AlmaLinux VPSの初期設定:Ubuntuと同じでいい部分・違う部分

初期設定で「やること」の並び自体は、Ubuntu でも AlmaLinux でも変わりません。パッケージを最新にして、作業ユーザーを作って、SSH 鍵認証にして、ファイアウォールを絞って、自動更新を仕込む。この並びは OS を問わず共通です。

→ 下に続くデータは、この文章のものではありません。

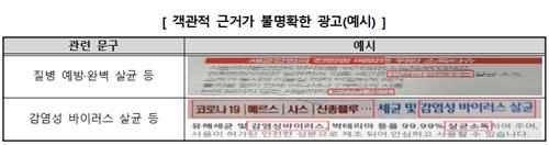 다만 일부 제품은 사용기한, 사용상 주의사항 등 의무 기재사항을 제품에 적지 않거나 '질병 예방', '코로나바이러스 살균' 등 객관적 근거가 불명확한 광고를 하는 것으로 나타났다.

違うのは ①コマンド(差分3点) と、②イメージの初期状態 の2つです。特に②は見落としやすく、「Ubuntu では最初から日本語ロケールが入っていたのに」「swap があるつもりでビルドを流したらメモリ不足で止まった」という形で後から刺さります。まずここを潰します。

AlmaLinux VPS初期設定の最初にやる初期状態チェック。ホスト名・ロケール・swap・タイムゾーン・SELinux・firewalldを確認コマンドで洗い出す

Ubuntuと同じでいい部分(ただし初期状態は要確認)

以下は「Ubuntu でもやっていたこと」です。手順の意味は同じなので、コマンドと確認方法だけ載せます。

ホスト名を決める

# 現状確認
hostnamectl status

# 設定(例:alma-web01)
sudo hostnamectl set-hostname alma-web01

# 反映確認(Static hostname が変わっていること)
hostnamectl status

hostnamectl は systemd のコマンドなので Ubuntu と同じです。VPS のコントロールパネル側で付けた名前と、OS 内部のホスト名は別物なので、両方合わせておくとログを追うときに混乱しません。

日本語ロケール(必要なら)

Ubuntu の日本語イメージと違い、AlmaLinux は英語ロケールで立ち上がることが多いです。日本語のメッセージが欲しい場合は言語パックを入れます。

# 現状確認(System Locale が LANG=C.UTF-8 などになっているはず)
localectl status

# 日本語の言語パックを入れる
sudo dnf install langpacks-ja glibc-langpack-ja

# ロケールを設定
sudo localectl set-locale LANG=ja_JP.UTF-8

# 反映確認(System Locale: LANG=ja_JP.UTF-8)
localectl status

反映されるのはログインし直してからです。同じセッションで確認しようとして「変わっていない」と焦らないでください。なお、エラーメッセージを検索する頻度が高い人は、あえて英語のままにしておくほうが情報にたどり着きやすい場面もあります(後述の sealert の出力も、日本語になるのは日本語ロケールを入れた場合だけです)。

SWAP があるか確認する

VPS のイメージは swap が無い状態で配られることがよくあります。メモリ 1GB 前後のプランでビルドや dnf upgrade を流すと、swap が無いまま OOM で落ちます。

# swap があるか(何も出なければ無い)
swapon --show
free -h

無ければ swap ファイルを作ります(例:2GB)。

sudo dd if=/dev/zero of=/swapfile bs=1M count=2048 status=progress
sudo chmod 600 /swapfile
sudo mkswap /swapfile
sudo swapon /swapfile

# 再起動後も有効にする
echo '/swapfile none swap sw 0 0' | sudo tee -a /etc/fstab

# 反映確認
swapon --show

ここは AlmaLinux ならではの一手間があります。SELinux が有効なので、作ったファイルのラベルを既定に戻しておくと安全です。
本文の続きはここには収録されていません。